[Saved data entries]
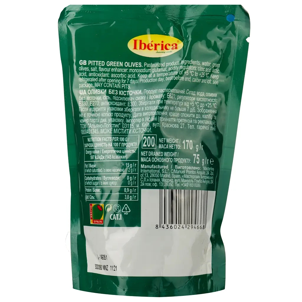 Овочева консервація Iberica Оливки зелені без кісточки в пакеті 170 г (8436024294668)
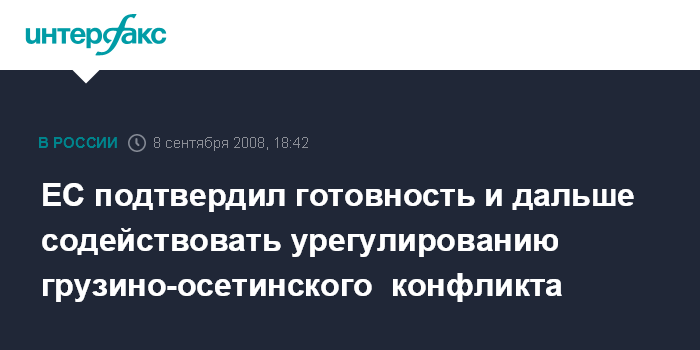 Москва. 8 сентября. INTERFAX.RU - Евросоюз подтвердил готовность и дальше содействовать разрешению грузино-осетинского конфликта, заявил президент РФ Дмитрий Медведев.
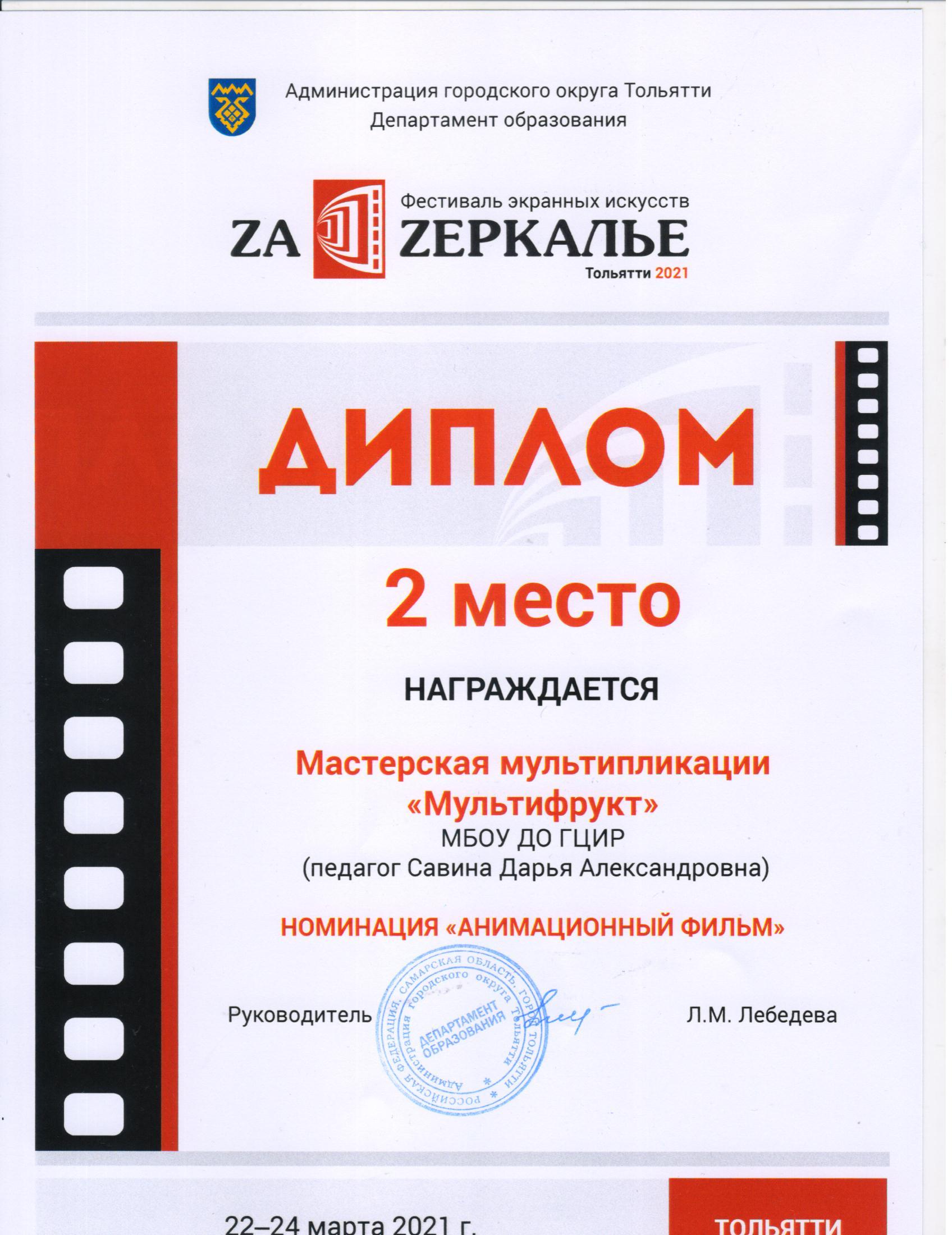 Городской фестиваль экранных искусств "Зазеркалье": диплом 2 место в номинации "Анимационный фильм"; Презентация на учрежденческом Фестивале интеллекта и творчества «Мы в Центре» |
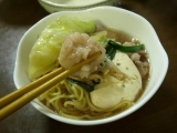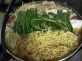 出汁は、コプチャン、キャベツ、韮、もやし、豆腐によく合います。
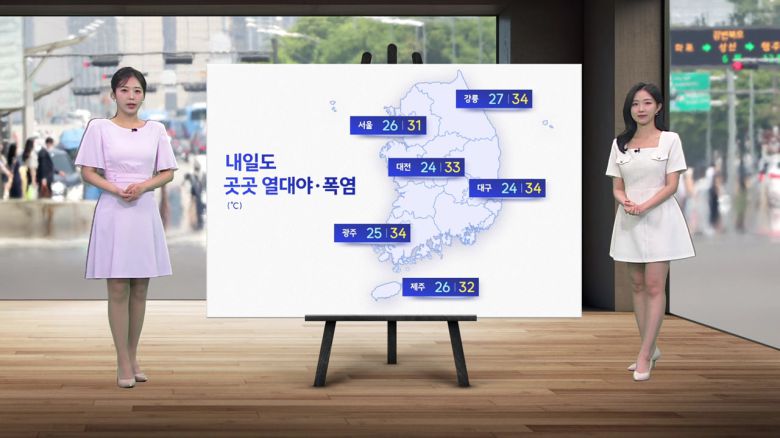 내일 서울 낮 기온은 31도, 대전은 33도, 대구는 34도를 보이겠습니다.
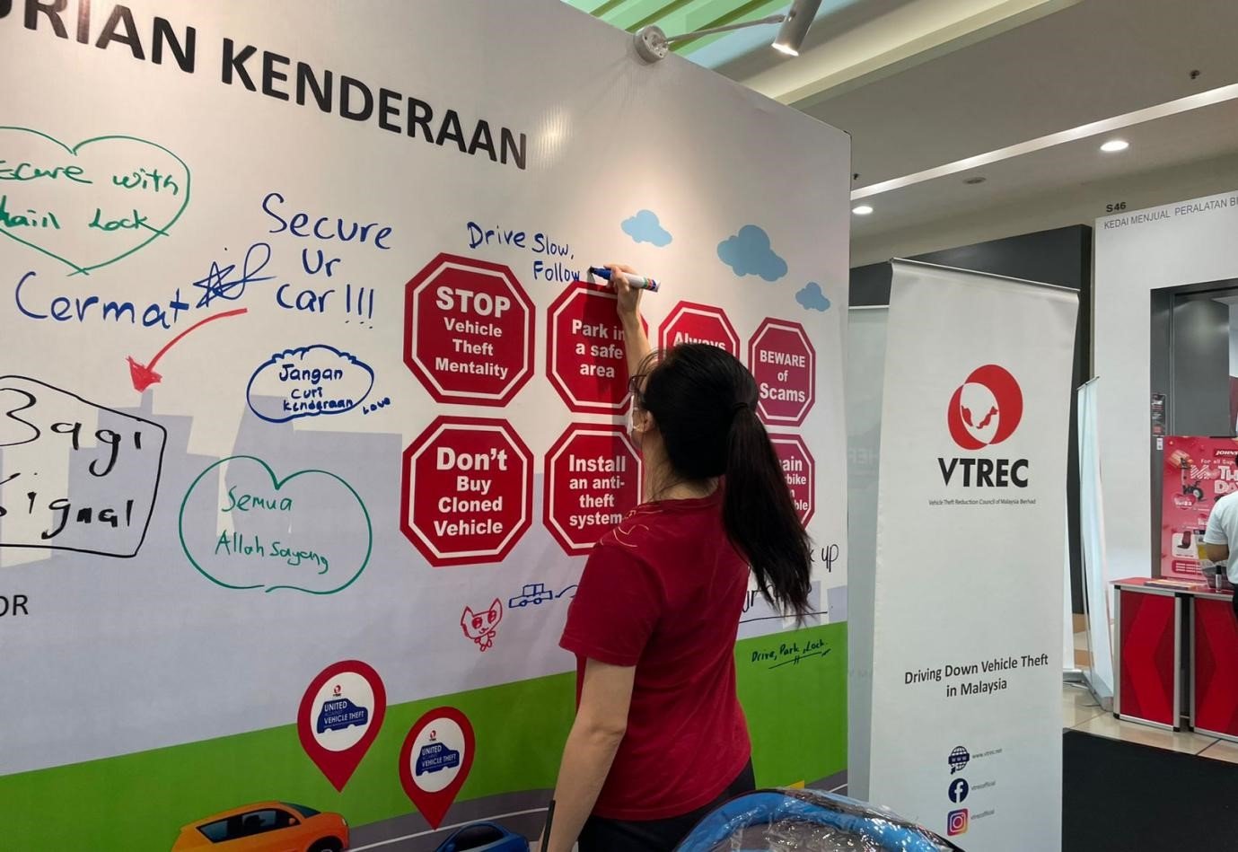 Numerous activities were orchestrated to motivate the public to engage, support and pledge their participation in this mini-campaign. The public can leave the message to another as a reminder to not be a victim of vehicle theft on the ‘Wall of Engagement’. Other activities arranged by VTREC to attract the public to engage in this mini-campaign are ‘Wheel of Fortune’ and ‘Steering Lock Educational Games’ that challenged the public to properly apply a steering lock under three seconds.
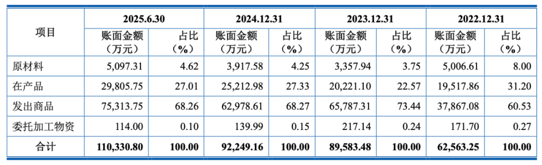 在存货的构成中,又以发出商品占比最高,报告期各期末分别为60.53%、73.44%、68.27%和68.26%。
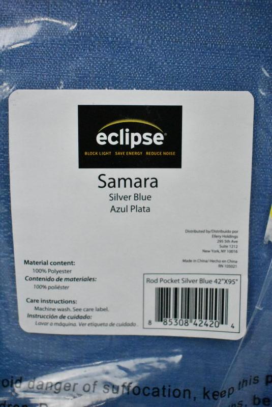 Eclipse Samara Blackout Energy-Efficient Thermal Curtain Panels, Silver Blue, 42" x 95" Each, Set of 2 - New
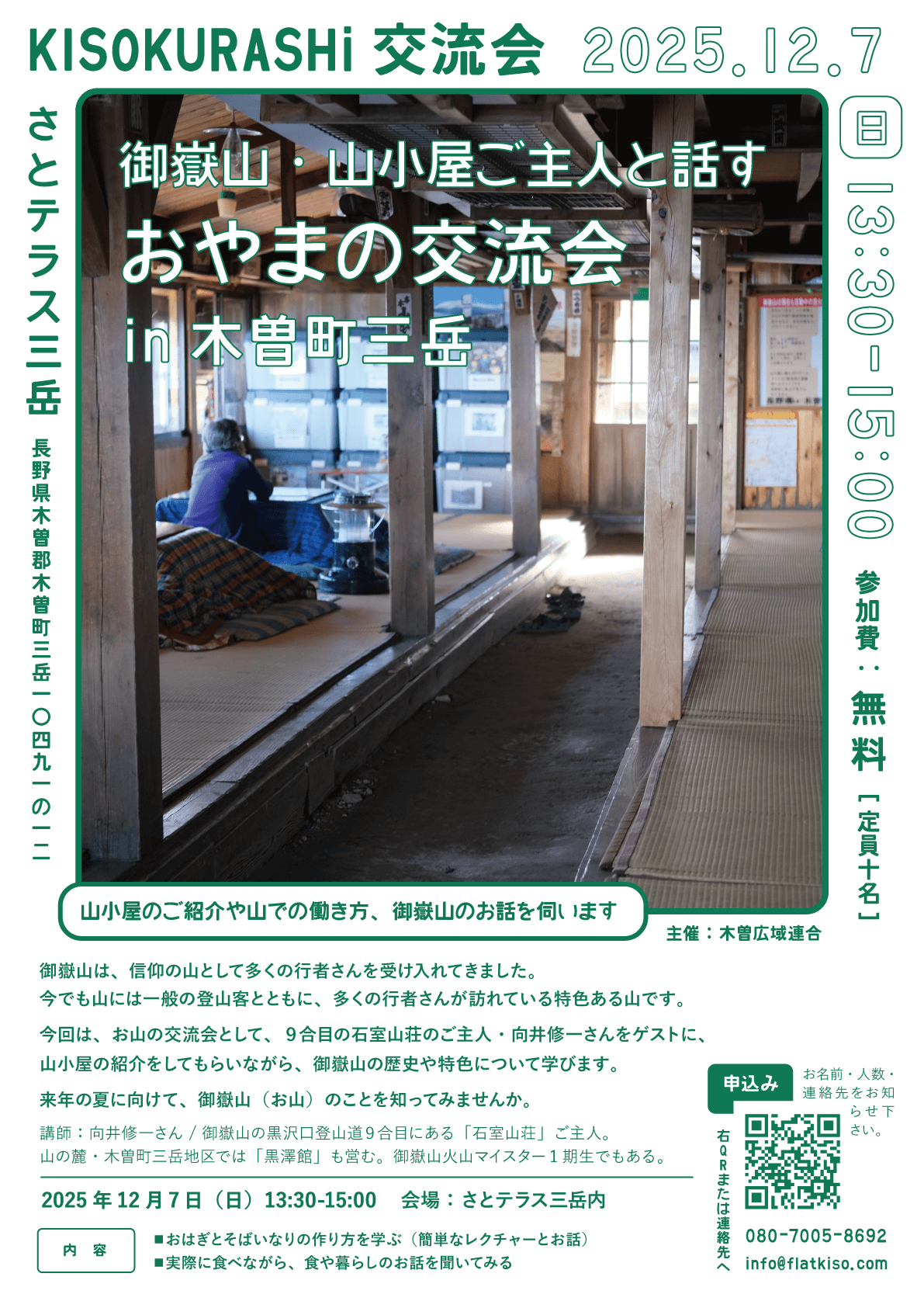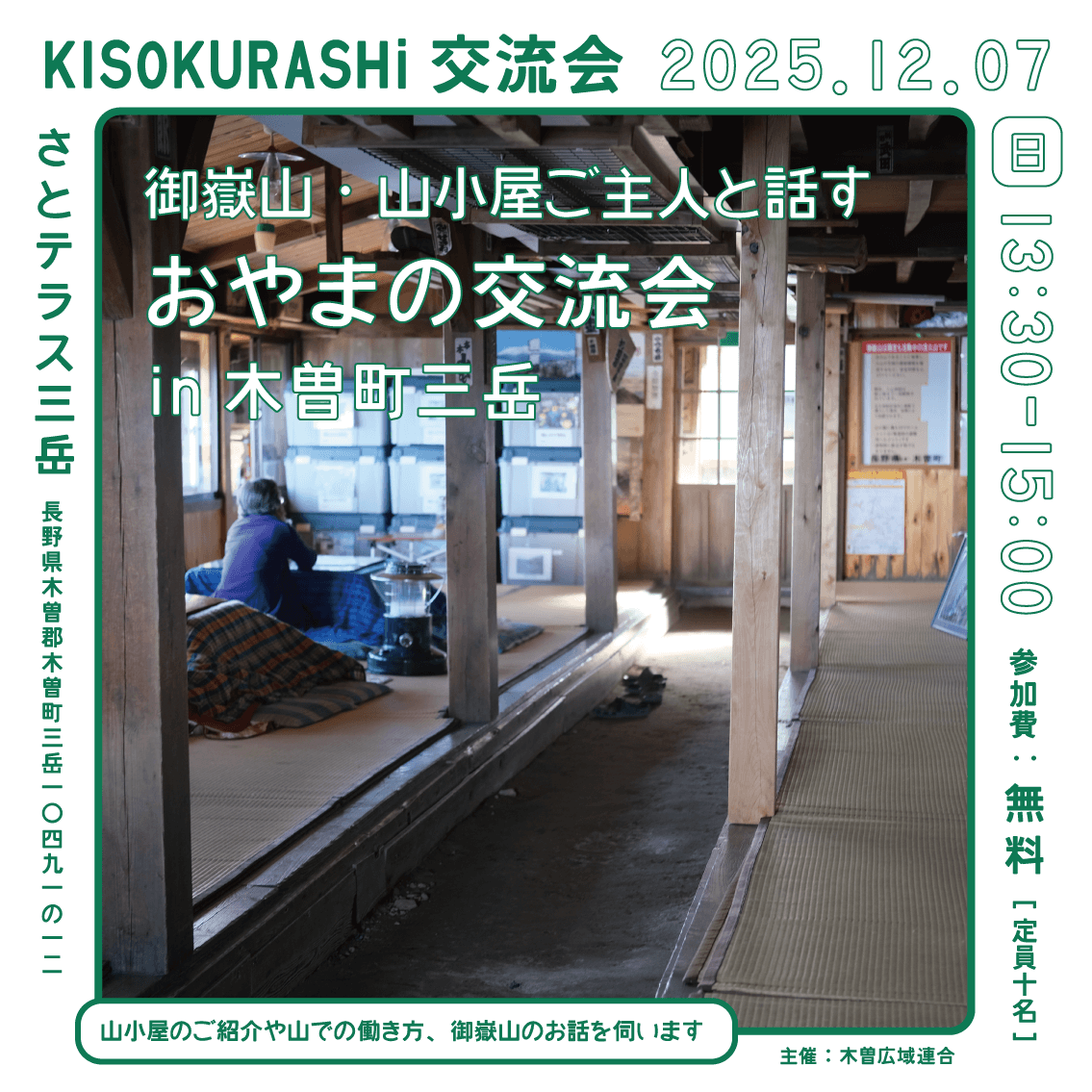 12月7日(日)KISOKURASHi交流会〜御嶽山・山小屋ご主人と話す お山の交流会
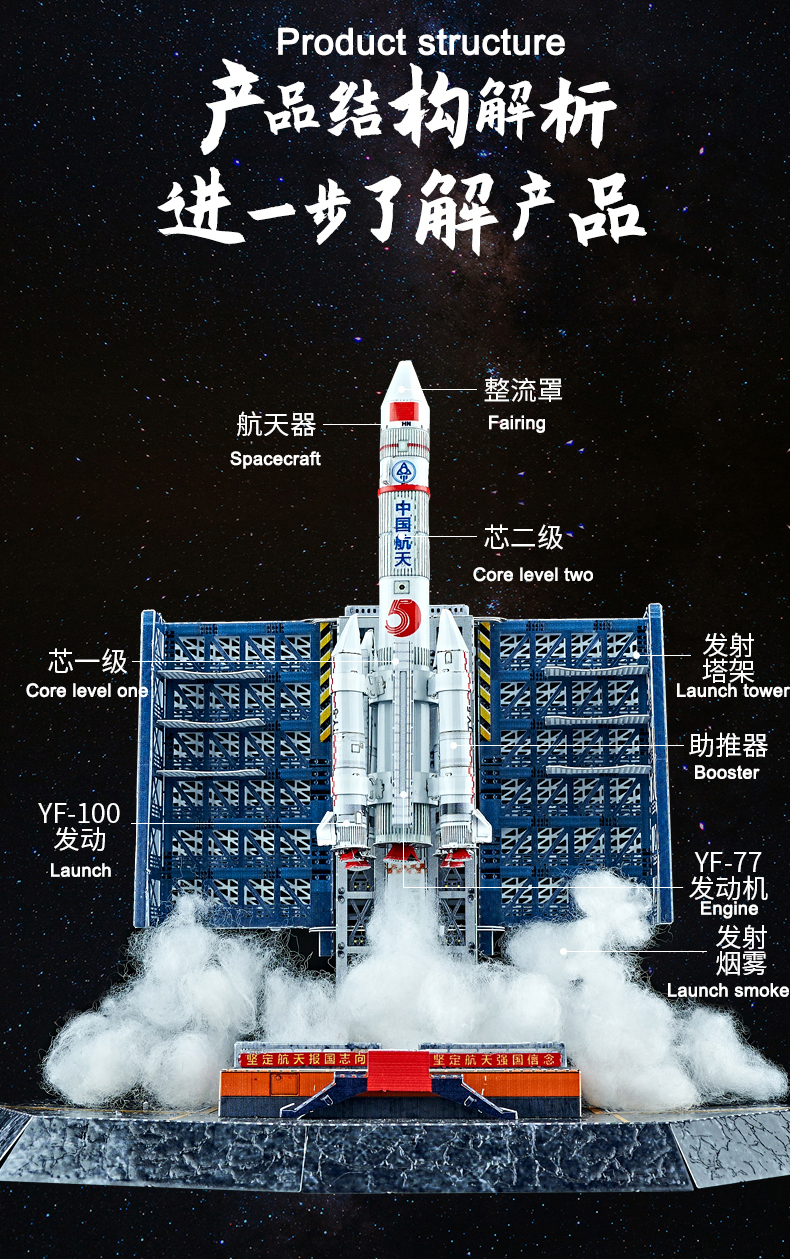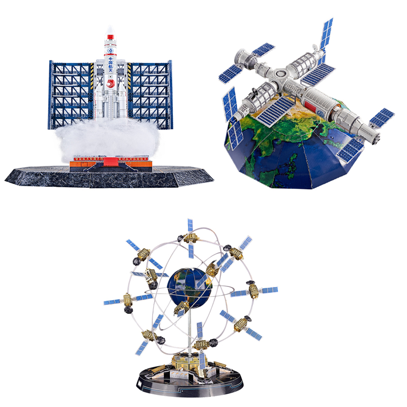 IRON STAR Aerospace series (Long March 5 Series Launch Vehicle+Chinese Space Station+Beidou Navigation Satellite System) Diy 3D Metal Puzzle Assemble Model Cars Kits Laser Cut Jigsaw Toys H32204+H32205+H32206
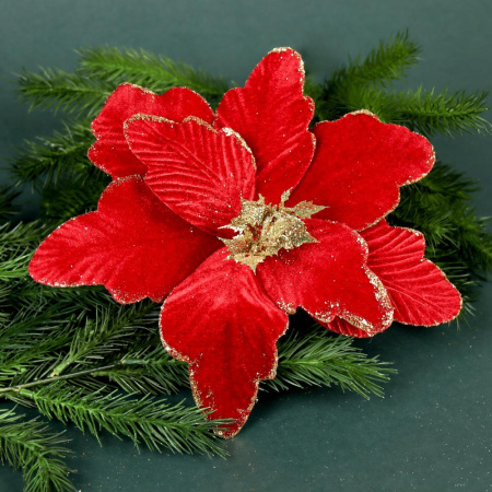 Цветок декоративный Пуансеттия 20 см красная / CTX12-116 /уп 80/480/ 3 фото
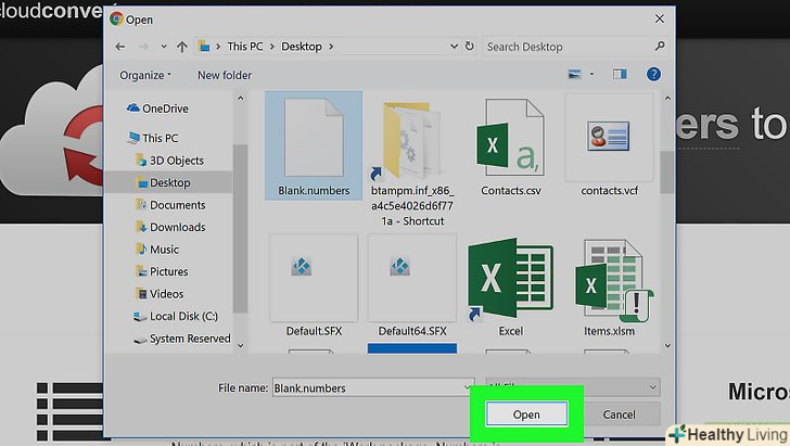 НатиснітьВідкрити. Файл Numbers завантажиться на веб-сайт CloudConvert.

- **Task description**:
I would like the data above transcribed exactly, with its pictures left out.

- **Finished task**:
 Овочева консервація Iberica Оливки зелені без кісточки в пакеті 170 г (8436024294668)
 Москва. 8 сентября. INTERFAX.RU - Евросоюз подтвердил готовность и дальше содействовать разрешению грузино-осетинского конфликта, заявил президент РФ Дмитрий Медведев.
 Городской фестиваль экранных искусств "Зазеркалье": диплом 2 место в номинации "Анимационный фильм"; Презентация на учрежденческом Фестивале интеллекта и творчества «Мы в Центре» |
 出汁は、コプチャン、キャベツ、韮、もやし、豆腐によく合います。
 내일 서울 낮 기온은 31도, 대전은 33도, 대구는 34도를 보이겠습니다.
 Numerous activities were orchestrated to motivate the public to engage, support and pledge their participation in this mini-campaign. The public can leave the message to another as a reminder to not be a victim of vehicle theft on the ‘Wall of Engagement’. Other activities arranged by VTREC to attract the public to engage in this mini-campaign are ‘Wheel of Fortune’ and ‘Steering Lock Educational Games’ that challenged the public to properly apply a steering lock under three seconds.
 在存货的构成中,又以发出商品占比最高,报告期各期末分别为60.53%、73.44%、68.27%和68.26%。
 Eclipse Samara Blackout Energy-Efficient Thermal Curtain Panels, Silver Blue, 42" x 95" Each, Set of 2 - New
 12月7日(日)KISOKURASHi交流会〜御嶽山・山小屋ご主人と話す お山の交流会
 IRON STAR Aerospace series (Long March 5 Series Launch Vehicle+Chinese Space Station+Beidou Navigation Satellite System) Diy 3D Metal Puzzle Assemble Model Cars Kits Laser Cut Jigsaw Toys H32204+H32205+H32206
 Цветок декоративный Пуансеттия 20 см красная / CTX12-116 /уп 80/480/ 3 фото
 НатиснітьВідкрити. Файл Numbers завантажиться на веб-сайт CloudConvert.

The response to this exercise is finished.